万が一宮田がマンションまで来るようなことがあったら、部屋に入れるの禁止。

話があるなら外でするのを推奨。


いざという時は俺と莉緒がついてる。


----


唯志の言うことは全面的に信じて良い。

光はそう思っていた。

後半の話に少し恐ろしさもあるが、その場合も想定しているんだろう。

想定しているなら何とかしてくれる・・・はず。

光は唯志を信じることにした。


そして唯志が言うからには近いうちに宮田絡みでその様なことが起こるんだろう。

それも確信していた。

確かにそう確信して、覚悟はしていたのだが・・・


--鳴った呼び鈴に答えて、拓哉の部屋の画面付きインターホンで応答する。


「はい。」


そして画面に映る画像を見てギョッとする。

唯志の忠告があったからある程度は覚悟していた。

だが、そこに映っていたのは今一番見たくない人物だった。


「光ちゃーん、俺だよー宮田ー。ちょっと会って話したいから入れてよー。」


光は寒気がした。

時刻は十六時を回ったころだ。

拓哉が帰ってくるのはまだ一時間以上も先になる。


そして今は一人だ。


近々何かあるだろうと考えていた矢先だったが、こんなに早くとは思わなかった。

余りにも早すぎる。

唯志や莉緒はこの状況を予測できているのだろうか。


「えっと・・・今タク君いなくて--」

「そんな事はわかってるよ。
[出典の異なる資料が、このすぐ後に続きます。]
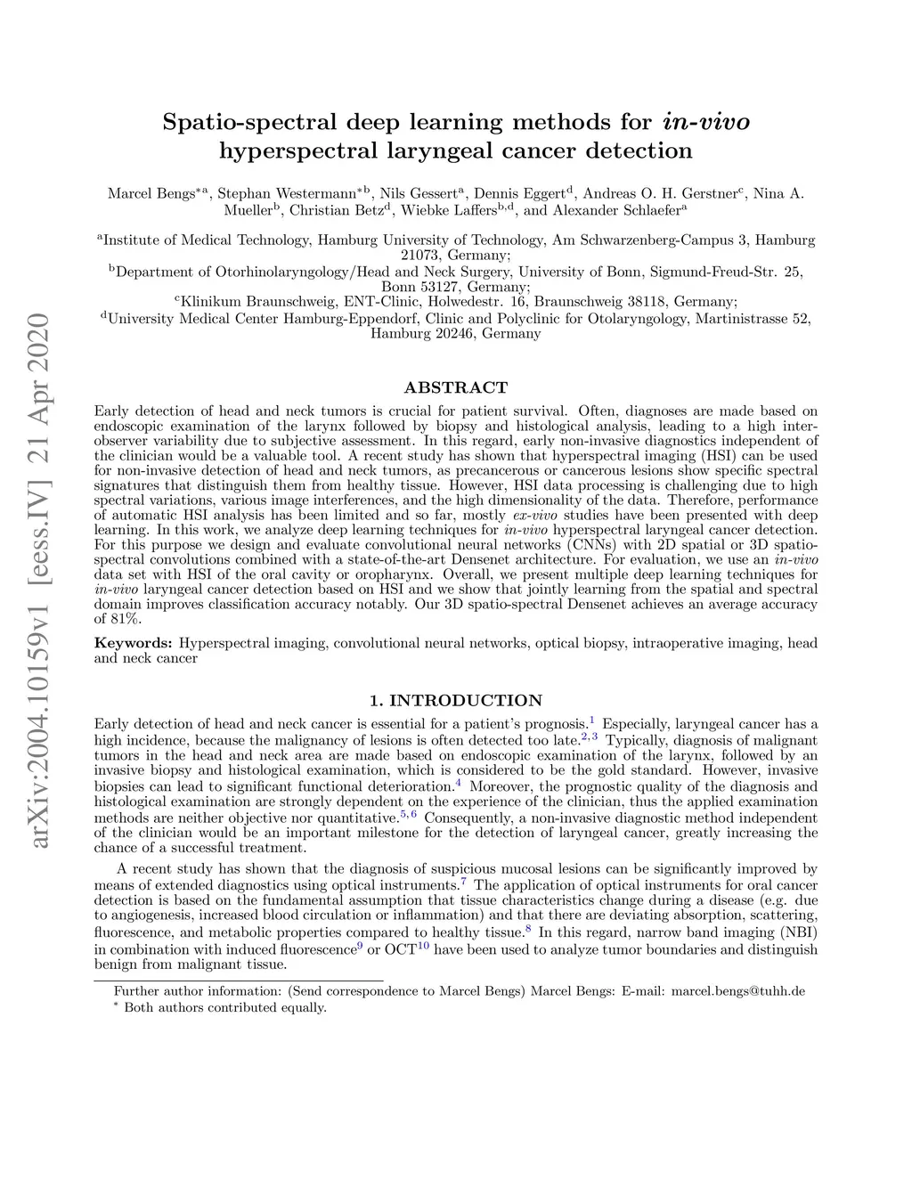 Early detection of head and neck tumors is crucial for patient survival. Often, diagnoses are made based on endoscopic examination of the larynx followed by biopsy and histological analysis, leading to a high inter-observer variability due to subjective assessment. In this regard, early non-invasive diagnostics independent of the clinician would be a valuable tool. A recent study has shown that hyperspectral imaging (HSI) can be used for non-invasive detection of head and neck tumors, as precancerous or cancerous lesions show specific spectral signatures that distinguish them from healthy tissue. However, HSI data processing is challenging due to high spectral variations, various image interferences, and the high dimensionality of the data. Therefore, performance of automatic HSI analysis has been limited and so far, mostly ex-vivo studies have been presented with deep learning. In this work, we analyze deep learning techniques for in-vivo hyperspectral laryngeal cancer detection. For this purpose we design and evaluate convolutional neural networks (CNNs) with 2D spatial or 3D spatio-spectral convolutions combined with a state-of-the-art Densenet architecture. For evaluation, we use an in-vivo data set with HSI of the oral cavity or oropharynx. Overall, we present multiple deep learning techniques for in-vivo laryngeal cancer detection based on HSI and we show that jointly learning from the spatial and spectral domain improves classification accuracy notably. Our 3D spatio-spectral Densenet achieves an average accuracy of 81%.

光ちゃんに会いに来たんだから!」


光は更に恐怖した。

光のいた未来では恋愛意識が低くなっている。

故にストーカーなどの事件も少なくなっていた。

光本人が被害にあうことはもちろん、周りの人間どころかニュースなどでもあまり話を聞かない。

つまり未知に近いものだった。


人間は未知のものには恐怖する。

幽霊などが良い例だ。

今の光は幽霊に遭遇したかのような恐怖であろう。


「で、でも私、宮田さんに用事ないですよ・・・?」

「俺の方があるから来たの!いいから開けてよー!」

当たり前だが、宮田は引く気が無かった。


「でも・・・」

光は考えた。

怖い。

--怖い。


拓哉か唯志か莉緒に電話しようか。

でも拓哉も唯志も仕事中だし迷惑がかかる。

すぐに抜けられるわけでもないだろう。

それに唯志の場合、ここまですぐに来れるわけじゃない。


--莉緒はどうだろうか?

だが、莉緒も学校が無ければ基本的に唯志の部屋だ。

同じくすぐには来れない。


唯志と莉緒にはyarnでメッセージを送っておくくらいにした方が良いだろう。


光は更に考えた。

考えているうちに少し冷静にもなってきた。


--故に少し思った。

怖いが、これは逆にチャンスじゃないか、と。

ここでちゃんと話をつければ、今後付きまといもなくなるかもしれない。

何より、唯志たちにこれ以上負担をかけずに済むかもしれない。


唯志からの忠告を思い出す。

部屋には入れたらダメだ。

話をするなら外でしなくては。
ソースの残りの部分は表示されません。